Background technology
In the past, in the electrode of solar cell formed, firing temperature was the high temperature more than 350 ℃, and the organic substance in the paste is removed easily.But, when requiring firing temperature to be the electrode material below 350 ℃, understand the organic substance in the residual paste, thereby on electrochemistry, play the effect of insulator, hinder flowing of electronics.Particularly in area of solar cell, under the situation of the silicon heterogenous solar cell of noncrystalline/crystalline,, require the firing condition of low temperature (below 250 ℃) in order to suppress the crystallization of uncrystalline layer.This easy fired with electrode in, exist because residual organic and problem that electrical characteristics reduce.
Summary of the invention
Technical task
Therefore; The purpose of this invention is to provide when showing low contact resistance, high aspect ratio, excellent storage stability and excellent bonding force and forming electrode of solar battery without other firing process; In baking temperature, be cured and form electrode, thereby the electrode of solar battery that can improve the productivity ratio that electrode of solar battery forms forms with paste and the electrode of solar battery formation method of utilizing this paste.

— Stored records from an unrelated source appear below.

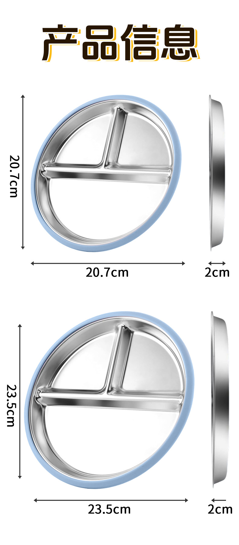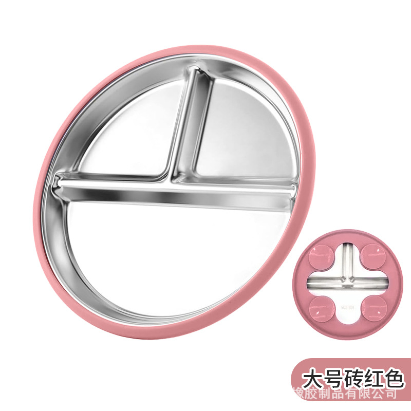 국경 간 어린이 스테인레스 스틸 실리콘 디너 플레이트 20 ~ 23cm 디너 플레이트 넘어짐 방지 학습 식사 훈련 먹이 식기
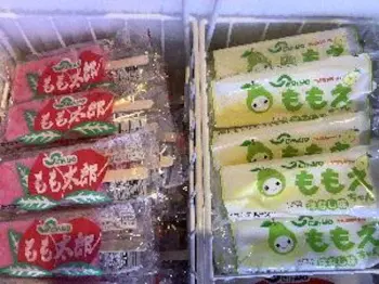 まず商品名の由来ですが、もともと桃の形をした「桃型」という木型で作られた氷菓に割り箸を刺して、お祭りの露店で売られていたものをセイヒョー(新潟市)が商品化したのだそうです。ただ、不思議だなとずっと思っているのは味がイチゴ味ってところです。「もも」太郎なのに(笑い)。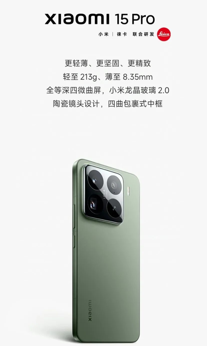 外观和其他配置上,据小米集团创始人、董事长兼CEO雷军介绍,小米15“堪称完美的小尺寸旗舰”,手感和精致度到了新高度,配备一块6.36英寸直屏,采用1.38mm超窄四等边,入手即惊艳。小米15 Pro轻至213g,薄至8.35mm,采用全等深微曲屏,覆盖小米龙晶玻璃。此外,小米15全系搭载超声波指纹,亮屏解锁快25%,息屏解锁快50%,黄金指纹位置,使用愉悦感大幅提升。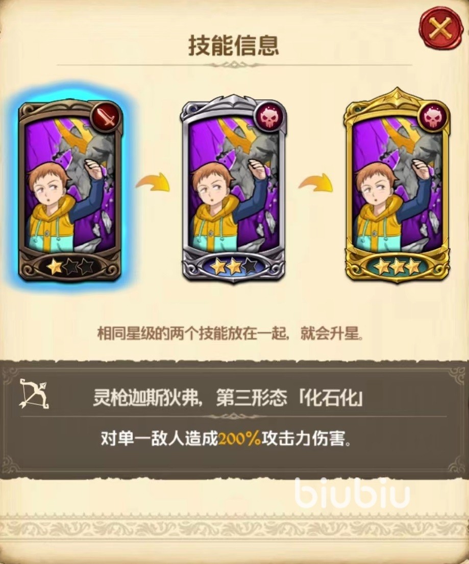第1个技能名称非常长,这里简称为第三形态化石化。作用是对单一敌人造成伤害,通过提升星级还能获得额外石化状态效果。两星时为一回合石化,三星时两回合,对方被石化之后无法进行任何行动,一旦受到攻击会直接解除。如果能把控好输出节奏,让对方吃满两个回合石化,那么是很强限制。即使该技能单体伤害输出并不算高,依靠控制效果也能发挥出很好的作用。

Solve the method for problem
To achieve these goals, the present invention provides a kind of electrode of solar battery to form and uses paste, wherein, contains:
(a) silver powder,
(b) from by PEDOT-PSS, polythiophene, the electroconductive polymer more than a kind that gathers (3-alkylthrophene), polypyrrole, gather (2, the 5-dialkoxy is to phenylacetylene), select in the group that p-phenylene vinylene and polyparaphenylene form,
(c) cellulose derivative, and
(d) solvent.
In addition, the present invention provides and utilizes above-mentioned electrode of solar battery to form with the electrode of solar battery formation method of paste and utilize the electrode of solar battery of said method formation and the solar cell that comprises above-mentioned electrode.
The invention effect
Electrode of solar battery of the present invention forms the effect that shows below with paste:
The first, high production rate: in baking temperature (below 100-250 ℃), be solidified to form electrode in the short time, therefore do not need other firing process.
The second, high conductivity and excellent resistivity: in baking temperature (below 100-250 ℃), it is inner and stable aspect electrochemistry that electroconductive polymer residues in paste, thereby successfully guide flowing of electronics.
The 3rd, low contact resistance: show the low contact resistance characteristic, particularly be fit to noncrystalline/crystalline heterojunction solar battery.
The 4th, hot storage stability: excellent with the intermiscibility of organic bond and solvent etc., and thermal stability is very high, has physical and chemical state advantage with low uncertainty.
The 5th, high aspect ratio: the rheological behavior of paste is excellent, so can realize high aspect ratio (Aspect ratio).
Embodiment
Below specify the present invention.
Electrode of solar battery of the present invention forms and contains with paste:
(a) silver powder,
(b) from by PEDOT-PSS, polythiophene, the electroconductive polymer more than a kind that gathers (3-alkylthrophene), polypyrrole, gather (2, the 5-dialkoxy is to phenylacetylene), select in the group that p-phenylene vinylene and polyparaphenylene form,
(c) cellulose derivative, and
(d) solvent.
Preferably, electrode paste agent of the present invention contains:
(a) silver powder 30 to 95 weight %; (b) from by PEDOT-PSS, polythiophene, gather (3-alkylthrophene), polypyrrole, gather (2; The 5-dialkoxy is to phenylacetylene), 0.1 to the 40 weight % of the electroconductive polymer more than a kind that selects in the group formed of p-phenylene vinylene and polyparaphenylene; (c) cellulose derivative 0.1 to 50 weight %, and (d) solvent of surplus.
" electrode of solar battery forms and uses electrode paste agent " of the present invention comprises that the circuit as formed distributing board of single or multiple lift that forms laminate structure and so on forms the paste with material.Therefore, the electrode that solar cell uses can not only be used for, and the electric wiring that these devices use can also be used for.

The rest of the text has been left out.